The petri-dish model of land use data (a.k.a. the problem)

What is land use data?
- description of uses on the ground, what specifically happens on this piece of land
Data is out there…
- small fragments of data
- lots of gaps
- proprietary information that most people can’t access
- each user only sees a small part of the overall picture
People need data to
- make accurate assessments of the situation for better planning
- base goals in reality (e.g. models of carbon emissions, vmt)
- plan for suitable development
- explain the big picture
- informal uses
But the map data have lots of problems
- neighborhood maps
- names all wrong
- data availability
- can’t get it
- up to date?
- no, often out of data
- created for a specific need
- not re-shared for other uses
- leads to repeat work
- data quality
- not useful for what other people want to do
- no incentive to share
- why should anyone share data, no benefits
- licenses
- even if you get data, can’t work with it
- can’t share with others
- problems with creating derivative products
The ecosystem model of land use data (a.k.a. the solution)
Rather than depending on the closed systems and limited access of the petri dish model, the land use ecosystem thrives on easy exchanges of information.
Land use data moves easily between different participants - local governments, planners, private sector, non-profits, individuals. Money is saved by removing the barriers to access, and the open sourcing of data collection reduces the burden of updating data on any individual organization.
Data are unencumbered by restrictive licenses, and exchange is governed by open protocols: standard for the data formats themselves, but more importantly for the types of information shared and how updates are passed and incorporated. Individual parcels can be updated in a wiki-esque, flickr-esque format, where changes can be added and are inspected and endorsed by other participants in the ecosystem.

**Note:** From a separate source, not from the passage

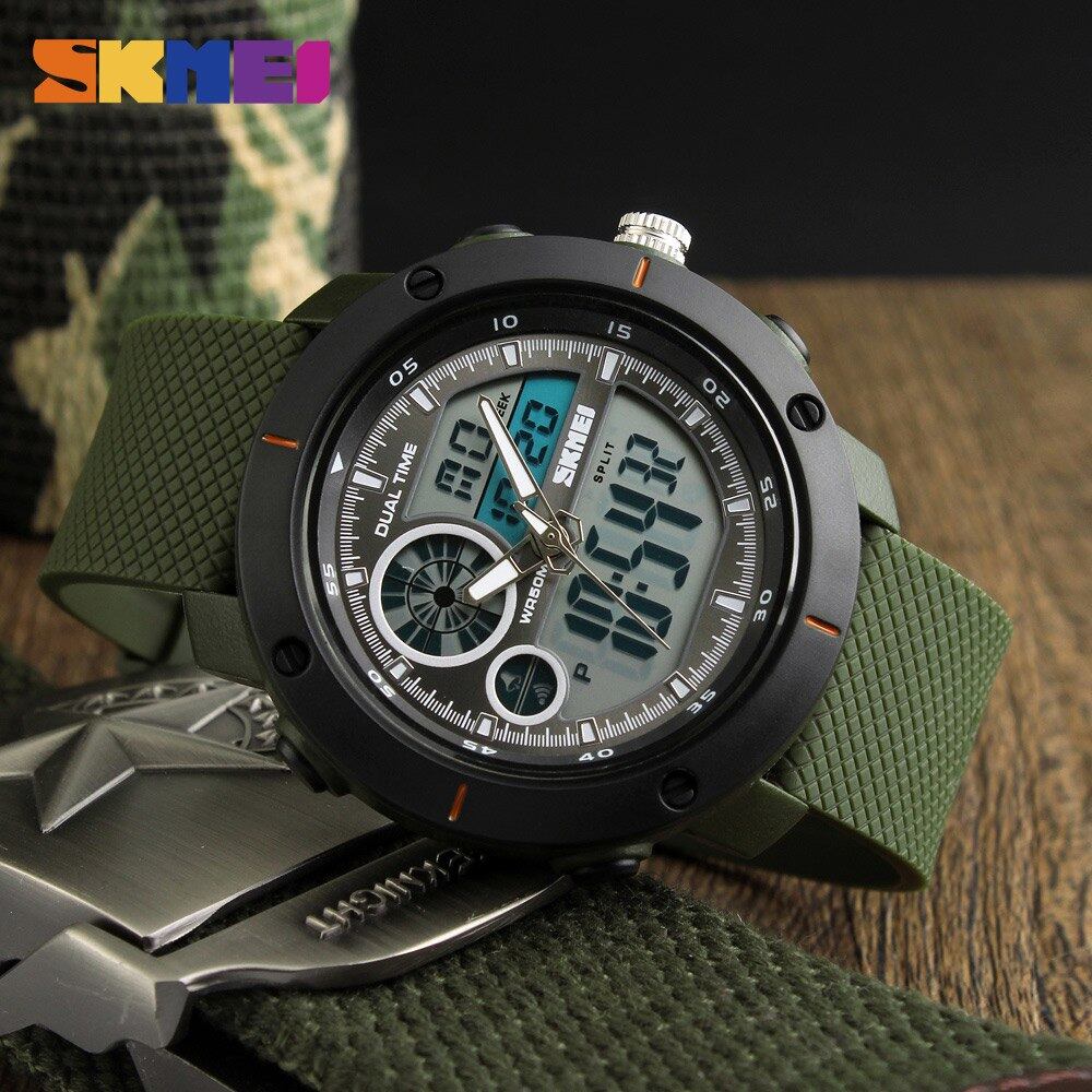 SKMEI 男性スポーツ腕時計 El ライトダブル時間時計アラームクロノデジタル腕時計 50 メートル防水レロジオ Masculino 1361

Where once was discord and bad data, the ecosystem brings sharing and better data. Rather than each data user seeing a small piece of the overall data puzzle, the ecosystem model requires and lives on openness and collaboration.
p.s.
A great high wall there, it tried to stop me
A great big sign there, said ‘private property’
But on the other side, it didn’t say nothing
That side was made for you and me.
– Woody Guthrie, This Land Is Your Land.